Montgomery is still waiting. The British commander is assembling the largest amphibious operation since D-day. His staff checks and rechecks every detail, from the perceived numerical superiority of Allied forces to the number of assault boats required to cross the Rhine, to even the tonnage of munitions that British bombers will drop to root out any concealed German resistance.

Meanwhile, Patton attacks. His Palatinate campaign will go down in history as one of the great strategies of the war. Even the Germans will say so. And their praise for Patton will be their biggest show of respect. “The greatest threat,” captured German Lieutenant Colonel Konrad Freiherr von Wangenheim reveals during his interrogation, “was the whereabouts of the feared U.S. Army. General Patton is always the topic of military discussion. Where is he? When will he attack? Where? How? With what?”

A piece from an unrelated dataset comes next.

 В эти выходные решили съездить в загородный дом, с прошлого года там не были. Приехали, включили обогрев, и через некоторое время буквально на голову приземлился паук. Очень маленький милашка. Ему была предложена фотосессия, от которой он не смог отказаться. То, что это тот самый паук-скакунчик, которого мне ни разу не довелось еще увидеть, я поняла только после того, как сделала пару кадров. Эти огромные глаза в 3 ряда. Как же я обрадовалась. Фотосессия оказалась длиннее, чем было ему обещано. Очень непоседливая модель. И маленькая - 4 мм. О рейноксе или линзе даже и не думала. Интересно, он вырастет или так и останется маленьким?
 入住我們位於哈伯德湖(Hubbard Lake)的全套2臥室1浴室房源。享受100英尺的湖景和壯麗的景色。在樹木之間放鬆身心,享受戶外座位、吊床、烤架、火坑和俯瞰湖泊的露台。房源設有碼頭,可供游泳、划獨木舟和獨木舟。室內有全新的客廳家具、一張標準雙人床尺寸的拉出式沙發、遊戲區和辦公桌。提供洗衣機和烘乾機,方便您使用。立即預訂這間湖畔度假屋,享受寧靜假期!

Advancing American troops pass captured German soldiers (center) near Giessen, Germany, in 1945.
[Mary Evans Picture Library]

Von Wangenheim goes on to add: “General Patton is the most feared general on all fronts.… The tactics of General Patton are daring and unpredictable.… He is the most modern general and the best commander of armored and infantry troops combined.”

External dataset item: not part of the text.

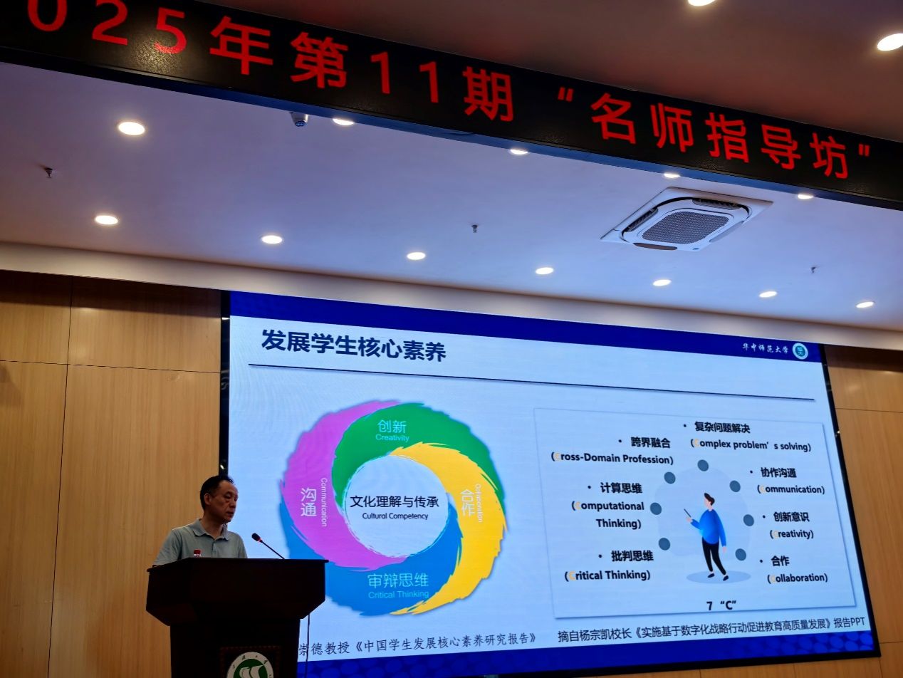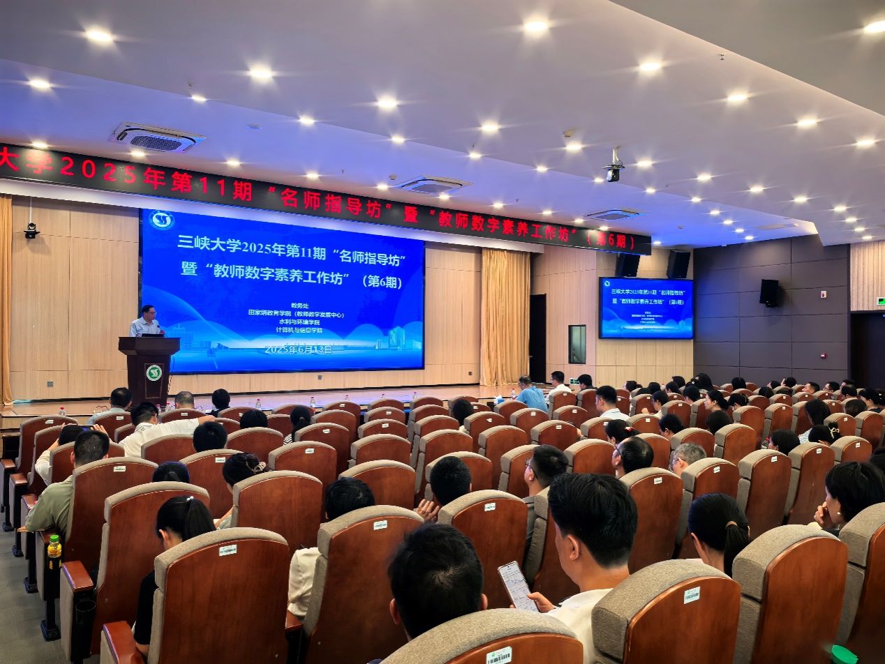 (通讯员 梁正琼 李莉 张丽超)为推动人工智能与教育教学深度融合,提升教师数字素养与教学创新能力,6月13日下午,三峡大学2025年第11期“名师指导坊”暨第6期“教师数字素养工作坊”在水科学与工程楼长江报告厅成功举办。华中师范大学人工智能教育学部二级教授杨九民应邀作了题为“人工智能赋能课程教学”的报告。各学院教学副院长、教学办主任、一流课程负责人、系主任、教学竞赛(含青教赛)校级以上获奖选手、纳入青年教师教学能力培养微格训练教师、水利与环境学院、计算机与信息学院全体教师参加了活动,活动由田家炳教育学院党总支书记曾德贤主持。

U.S. troops cross a pontoon bridge over the Rhine River. The soldiers in the engineer divisions who built the bridge left a sign.
[Mary Evans Picture Library]

Patton's tanks are riding roughshod over the rugged countryside. Patton was nothing short of brilliant at Bastogne, and now he is the same in the Palatinate.

“We are the eighth wonder of the world,” Patton says of the Third Army on March 19, congratulating himself on yet another success. “And I had to beg, lie, and steal to get started.”

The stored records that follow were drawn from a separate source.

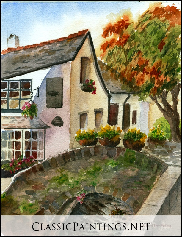 W/C Boscastle is thought to be the site of King Arthur’s castle. This charming cottage was at a small harbor. The English cottage gardens are a delight to behold. They always appear to be so casual (easy) and yet require much diligence to maintain. The children were enamored with this area. My father and I did numerous painting trips through Cornwall and Devon.
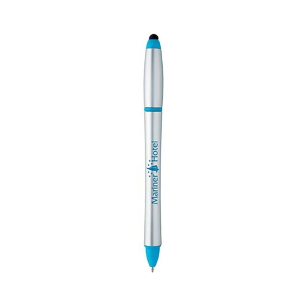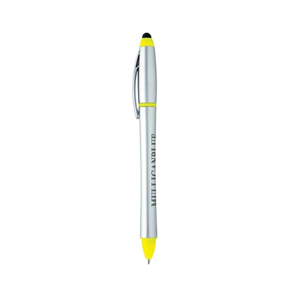 Love the feeling of flexibility with this stylus, highlighter and pen combo. With the trim matching the highlighter colour, the pen is a feat in design and practicality. A brilliant product for brilliant branding. Comes with black ink.
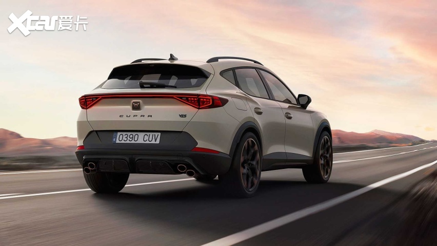 外观方面,性能更强的Cupra Formentor VZ5拥有更加激进的外观设计。此外相比普通的Formentor车型,Formentor VZ5车身降低了0.4英寸,而18英寸的制动盘,六活塞的Akebono卡钳也让这台车与众不同。类似雷克萨斯F车型的堆叠式四出排气嘴是VZ5独有的,中间的扩散器也更具攻击性。
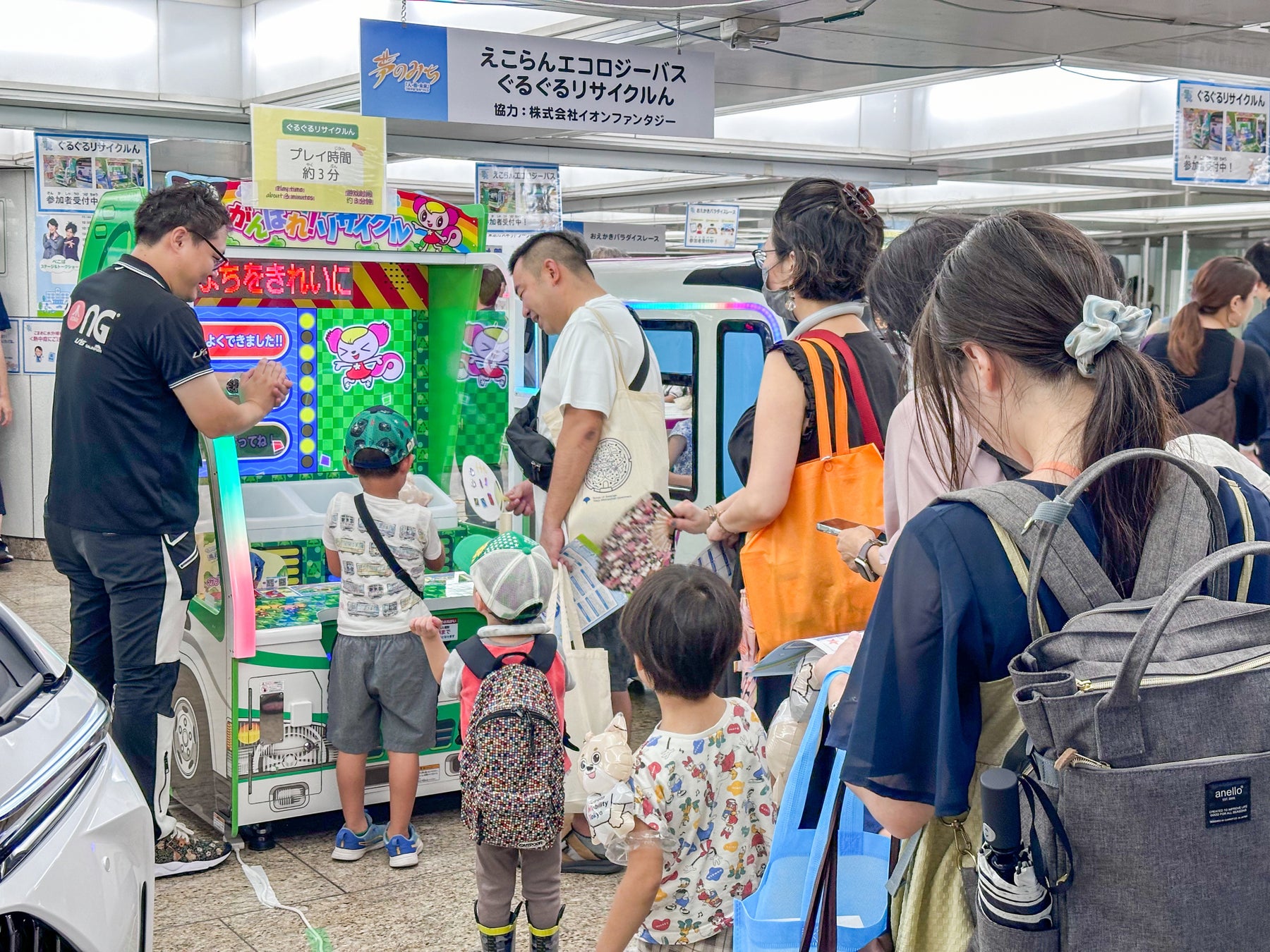 株式会社イオンファンタジー(本社:千葉県千葉市、代表取締役社⾧:藤原徳也、以下、当社)は、サステナビリティ経営実現の一環として、地域のこどもたちに、環境問題に関するあそびとまなびの機会を提供する取り組みを進めています。本取り組みは、こどもたちの環境への関心を高めることが、次の社会の地球環境を変える一歩につながるという想いのもと2022年からスタートしたもので、3年目となる本年は新宿駅(東京都)で9月22日(日)に開催された「夢のみち」2024に、環境をテーマにしたオリジナルエデュテイメントゲーム「ぐるぐるリサイクルん」「えこらんエコロジーバス」を出展いたしました。

Patton's forces capture the pivotal city of Koblenz, at the meeting of the Rhine and Moselle Rivers. He now has eight full divisions lined up along the western shore of the Rhine, the tank barrels aimed directly at the eastern bank.

Now all Patton needs to do is find a place to cross.

*   *   *

The date is March 22, 1945. Two hours before midnight, under cover of darkness, a Third Army patrol paddles across the Rhine at Nierstein in flimsy canvas assault boats. The slap of their paddles stroking the swift waters goes unheard. They report back that no enemy troops are in the vicinity. When Patton receives the news, he immediately orders that bridging material be sent forward. By late afternoon March 23, hastily built pontoon bridges span the river. Consisting of several floating barrels topped with steel tread, these bridges can be built in hours. They are highly effective in moving men and material across a river—but also highly unstable. Despite that, an entire division of Patton's army is soon across.

Patton calls General Bradley, but instead of making the sort of bold pronouncement that would inform the Germans of his precise location, he sets aside his pride in a moment of caution.

“Don't tell anyone, but I'm across,” Patton informs Bradley.

“Well, I'll be damned,” Bradley responds. “You mean across the Rhine?”

“Sure I am. Sneaked a division over last night. But there are so few Krauts around here they don't know it yet. So don't make any announcement. We'll keep it a secret until we see how it goes.”

It goes well—but only for a short time.

The sight of thousands of men marching across temporary pontoon bridges is hard to conceal. The German air force discovers Third Army's encroachment at dawn. Disregarding Allied air superiority, Luftwaffe fighters patrol low above the Rhine, searching for signs of soldiers, vehicles, and supplies that betray the Allied buildup. The pilots radio back what they see, then strafe the intruders with rounds of machine gun and cannon fire.

But the German pilots are
too
bold, and in their determination to throw back Patton's invaders, thirty-three Luftwaffe planes are blasted out of the sky by precision firing from Third Army's antiaircraft guns. The German pilots are so low that bailing out and parachuting to safety is not an option. The American soldiers continue their march across the swift blue waters of the Rhine, cheered throughout the day by the sight of enemy planes exploding all across the horizon and falling into the river with mighty splashes.